George Herman Ruth, the Sultan of Swat, remains baseball’s greatest legend and its home run king, hitting 60 in one year, 714 in total, without carrying the stigma of suspected steroid and amphetamine use or asterisks after his name. He was born in Baltimore to saloon keepers, raised on the streets, and was in enough trouble by the age of seven that his father signed away custody to St. Mary’s Industrial School for Boys, a reform school.
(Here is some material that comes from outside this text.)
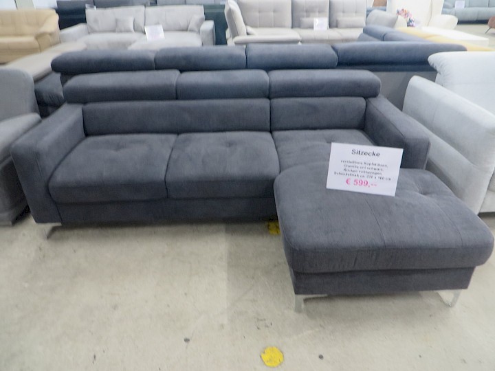 verstellbare Kopfstützen, Chenille uni schwarz, Rücken vollbezogen, Schenkelmaß ca. 220 x 160 cm

There, an athletic priest used baseball as a way to teach rules to the incorrigibles and to channel learning or behavioral disabilities into the love of a sport. According to tests conducted by psychologists at Columbia University in 1921, Ruth had been born with an above-average eye, ear, and muscle coordination due to hyperactive brain function, primarily in the posterior parietal cortex, the middle to rear section of the brain most often associated with spatial interpretations. Biologically, he might have been an equally good safe-cracker if never introduced to the game. Ruth’s ultimate death from throat cancer at the age of fifty-three in 1948 was due most probably to his penchant for smoking cigars, chewing tobacco, and dipping snuff. However, studies have now shown that his facial carcinoma, located in the nasopharynx, or the upper part of the throat behind the nose, are more often linked to other risk factors. The enhanced gamma-band activity (electrical signals) of his posterior parietal cortex, something he was born with, enabled him to pack the sensory stimuli of three lifetimes into one and might explain his well known womanizing, love of food, drink, and his excellence at baseball. The high-functioning spatial portion of his brain triggered his odd case of malignant cancer. What made him great – the anatomy of his brain – is what killed the Babe at a young age.
To learn more about the death of legendary characters read Tales Behind the Tombstones: The Deaths and Burials of some of the West’s Most Nefarious Outlaws, Notorious Women, and Celebrated Outlaws.
This Day…
Guns Down, Punk!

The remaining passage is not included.